The safety of preF vaccination was shown post-mortem by the absence of an inflammatory reaction in the lungs, as demonstrated by the low percentage of granulocytes in BAL cells, the reduced cellular infiltration in lungs, and nearly undetectable inflammatory proteins in BAL fluid in comparison with mock-vaccinated calves (
Figure 2). Only in one calf (6568) vaccinated with preF was a foci of eosinophils detected in lung sections post-mortem. A pathway analysis was performed on 27 proteins that had been identified in highest quantities in this calf compared to all other calves (Ingenuity Pathway Analysis, content version 43605602, release date 03 28 2018).
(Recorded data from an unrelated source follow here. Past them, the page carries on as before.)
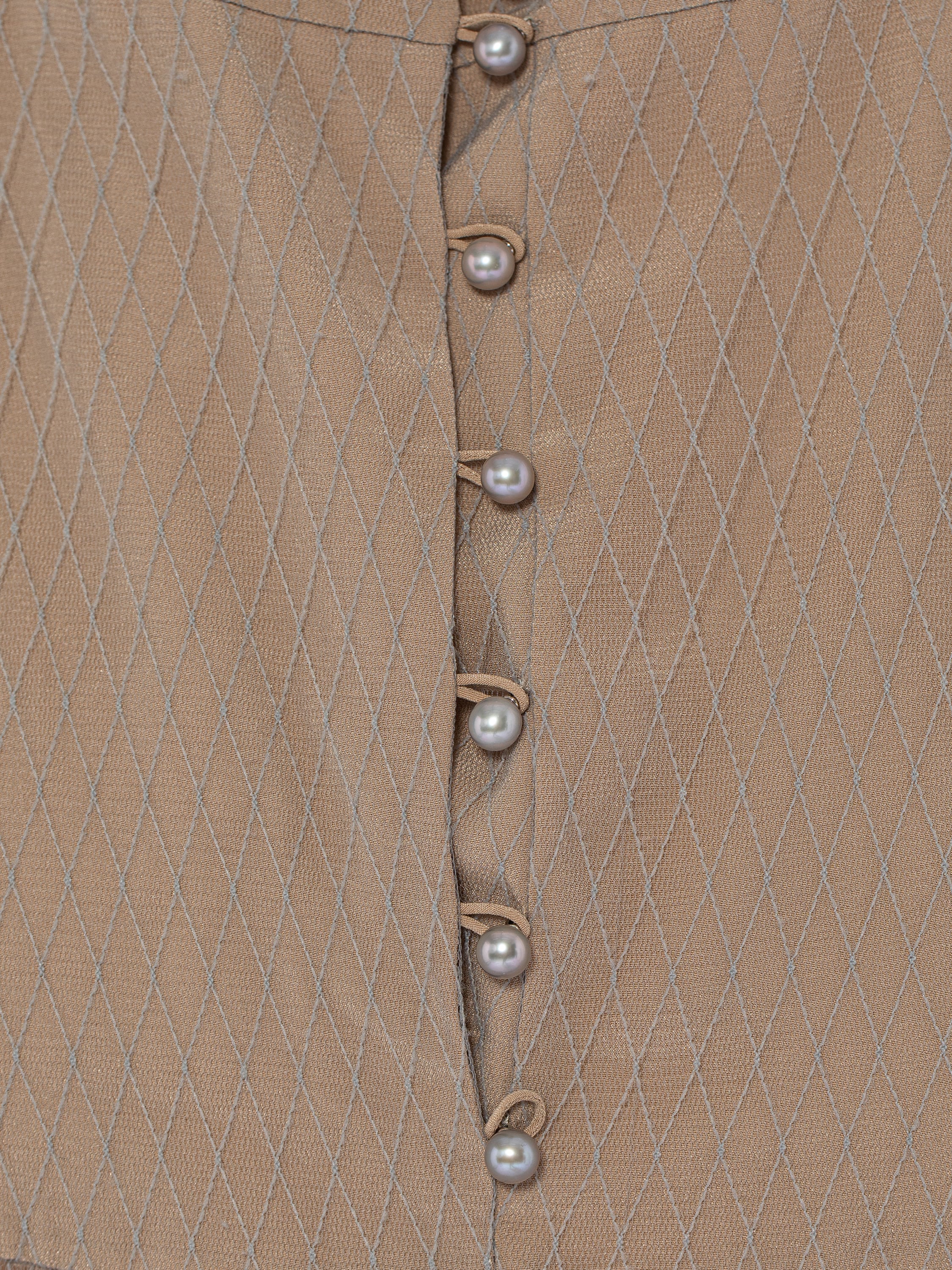 Beige Mesh & Organza Midi Dress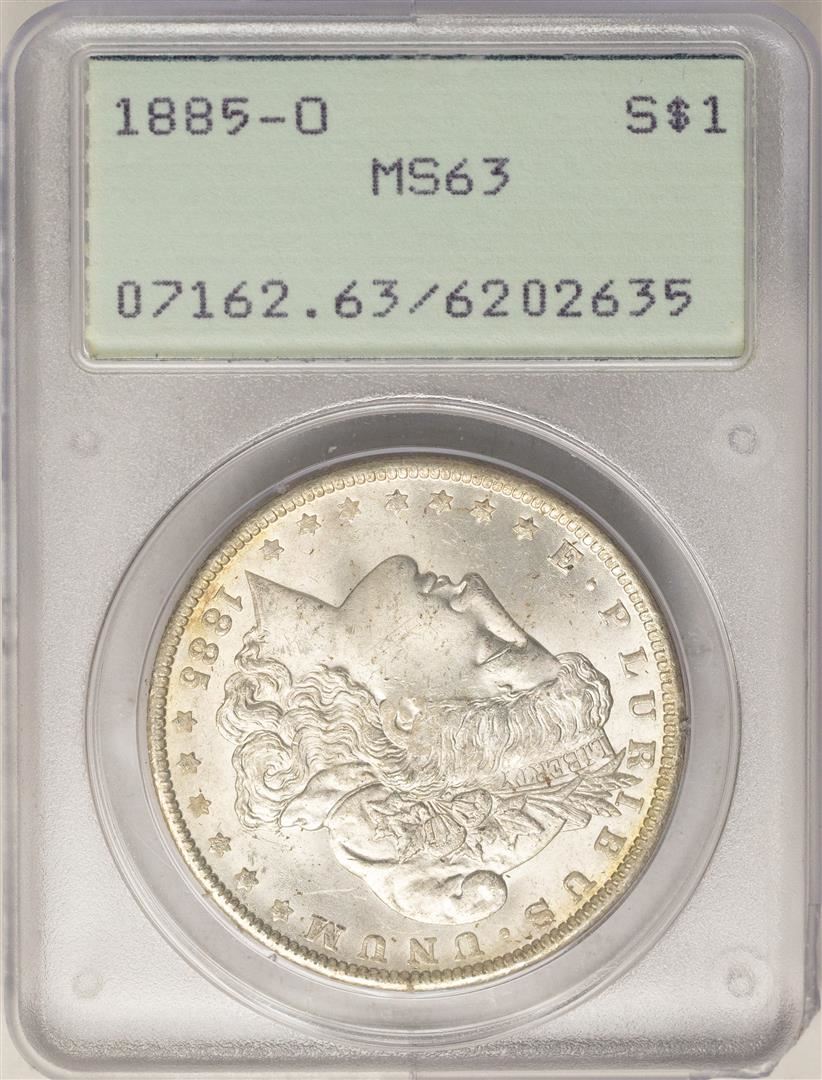 1885-O $1 Morgan Silver Dollar Coin PCGS MS63 Old Green Rattler Holder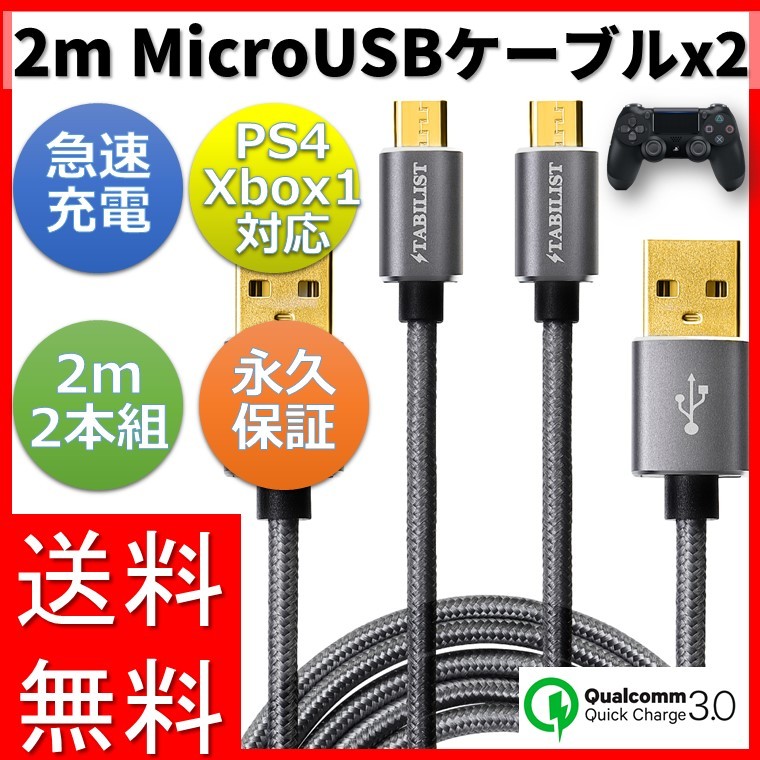 ・長さ: 2m x 2本組 USBA (標準USB) to Micro USB ケーブル 金メッキ加工 急速充電 PS4 Xbox Oneなどのコントローラー対応

The identified top canonical pathway was acute phase response signaling (
p = 3.20 E-12, overlap 4.7%, eight proteins identified out of 170 proteins in pathway). Among the 27 proteins identified in highest quantities in this calf, plasminogen, kininogen-1, plasma kallikrein, and albumin were identified that might be related to bradykinin production, resulting in airway microvascular leakage and eosinophil or neutrophil recruitment. This calf did not show abnormal clinical scores nor delayed virus clearance, suggesting that an exacerbated reaction had not occurred in this animal, but rather that the response was related to virus clearance or an unrelated event.
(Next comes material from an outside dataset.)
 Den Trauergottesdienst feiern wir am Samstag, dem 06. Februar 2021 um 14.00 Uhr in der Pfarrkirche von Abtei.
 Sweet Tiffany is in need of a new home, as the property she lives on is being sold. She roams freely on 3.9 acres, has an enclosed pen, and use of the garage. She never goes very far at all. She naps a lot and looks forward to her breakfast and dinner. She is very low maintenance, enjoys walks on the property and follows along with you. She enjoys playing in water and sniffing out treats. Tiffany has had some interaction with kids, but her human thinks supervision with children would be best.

It will be necessary to extend these findings further by investigating the duration of immunity compared to commercial vaccines and other safety aspects. Indeed lower doses of BRSV preF could prime for exacerbated pulmonary pathology as has been shown in small animal models of human RSV [
56]. Field trials will be important to explore other vaccine issues. The pre-F vaccine should provide cross protection against different field strains of BRSV as the BRSV F protein is highly conserved between different isolates. Nevertheless, the level of cross-protection against other field strains of BRSV should be confirmed. In addition, a possible gender effect on vaccine response should be explored. Compared to commercially available vaccines, this vaccine offers an advantage since it can be administrated as a single dose by the parenteral route. Indeed, failure of protection post vaccination for vaccines already on the market can be observed when the vaccination is not performed adequately: correct administration of the vaccine by the intranasal route or forgetting to revaccinate when a boost is required to obtain a sufficient level of protection.